170 years later, James Cook successfully circumnavigated New Zealand, proving it was not the southern continent of legend.  He had better success engaging the Maori in trade to the mutual benefit of the British Empire and the Maori tribes.  The British got whale oil, timber, fresh water and fish while the Maori got beef, mutton, steel, muskets and gunpowder.  They negotiated the Treaty of Waitangi which granted Maori the same rights as British Subjects.  What the Maori didn’t realize at the time was British Subjects are not British Rulers, so eventually that lead to a series of wars and is still a source of tensions.  


French explorer Jean-François Marie de Surville actually crossed paths with James Cook. They came within 31 miles of each other off the NW coast of the North Island, although they had not seen each other nor were they aware of each other’s presence.  The French, however, due to a combination of scurvy and cultural insensitivities, did not fare so well with Maori tribes.  A party of their officers were invited to dinner, unaware that they were the feast.  That put an end to French interest in New Zealand for at least the next 60 years.  


We did participate in the afternoon trivia, which proved pretty hard.  We got beat by 3 points, but as they say down here, we weren’t playing for sheep stations. The winners got Princess wine stoppers, and we learned a few new trivia facts including Bob Clampett’s creation of Bugs Bunny in 1938, the fact that Brazil is the only country in South America to have been a monarchy, and that the Orient Express ran from Moscow all the way to Beijing, rather than just to Istanbul.  


We continued to have trouble with the Princess Dine My Way App, which simply doesn’t work.  On the Grand Princess and Coral Princess, the restaurant hostesses were gracious enough to set up reservations for us so that we could dine at the same time at the same table through the course of the cruise.  Perhaps it is because there are twice as many passengers on the Royal Princess that the restaurant hostesses and managers refused to set up dining reservations for us and insisted we had to do that through the Dining Reservations phone number.  Ben nearly had a stroke after calling that number, being put on hold for 5-10 minutes, and then being hung up on 3 times.  When someone finally came on the line with the 4th call, that person really got an earful, but we finally succeeded in getting a regular seating assignment for the family.


The entrees selected for dinner were macadamia encrusted fish and a meat pie.  The meat pie ended up being a little disappointing because it was made in small metal pots where the pastry crust was sucked deep into the pot, and there was just a small layer of meat and gravy inside.  We were expecting at least some kind of veggies and a bit more filling to the pies.  The fish was good though.  Dinner service was actually faster than the lunch service so we were actually able to finish before the first Princess Theater Performance by Dale Burridge, an Australian singer who had roles in the Phantom of the Opera and Les Miserables.  He had a good voice and interacted with the audience like a comedian, but took too many liberties with the tempo and beat for Ben’s tastes.  He did get a standing ovation though.  

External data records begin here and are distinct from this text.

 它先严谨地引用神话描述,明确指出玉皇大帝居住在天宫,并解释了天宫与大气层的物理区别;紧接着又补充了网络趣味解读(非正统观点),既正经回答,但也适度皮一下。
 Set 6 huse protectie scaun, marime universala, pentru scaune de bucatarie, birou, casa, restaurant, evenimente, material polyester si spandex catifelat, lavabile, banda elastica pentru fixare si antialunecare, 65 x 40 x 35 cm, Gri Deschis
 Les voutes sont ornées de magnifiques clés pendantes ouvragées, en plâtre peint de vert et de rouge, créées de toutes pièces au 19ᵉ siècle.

In the Piazza, after the Princess Theatre performance, an acrobatic duet of Daniel and Kimberly performed some pretty amazing acrobatics on the marble Piazza floor without pads or safety gear.  It was like a mini Cirque du Soleil routine.

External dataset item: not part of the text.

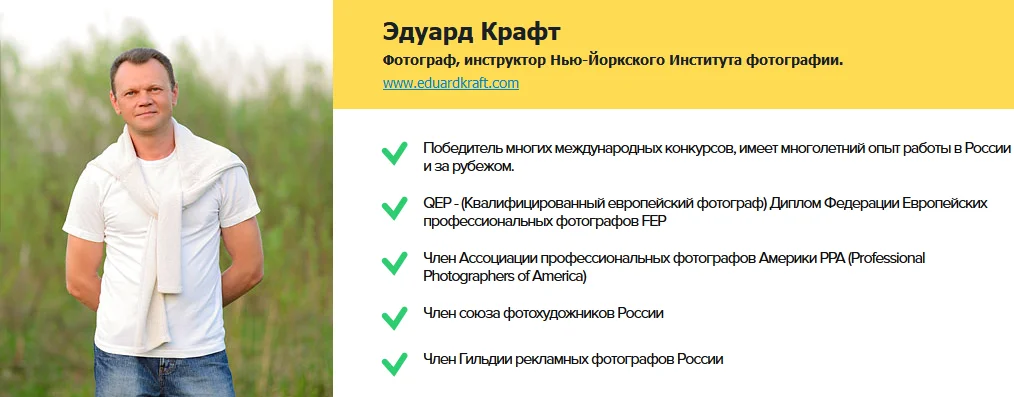 Каждый урок программы – это специальные «фишки» и приемы, которые применяют профессиональные фотографы. Эти знания позволят вам создать великолепные фотографии.
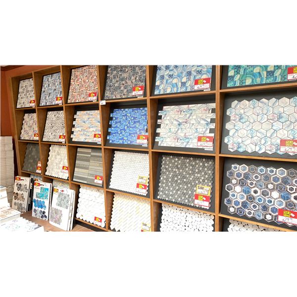 LARGE VOLUME OF MOSAIC TILE DISPLAYS; ENTIRE WALL, STANDING DISPLAYS AND SINGULAR DISPLAYS

We finished the night with a snack run.  We were hoping to cash in on a Premium dessert, which is included in our Plus package, but when we got to the venue, they had put away all the toppings and weren’t able to build the desserts for us, so we had to settle for a couple of scoops of gelato.  We did end up making a run to the buffet before it closed for soup.  Ben had his traditional late night bowl of soup, Janet had a cheese and nut plate, Ciara had just tea, and Price made up for his lack of hearty meat pie filling with a bit more real meat.  


The clocks go forward yet another hour tonight.  We’ll have to set alarm clocks to try to make it to the morning trivia tomorrow.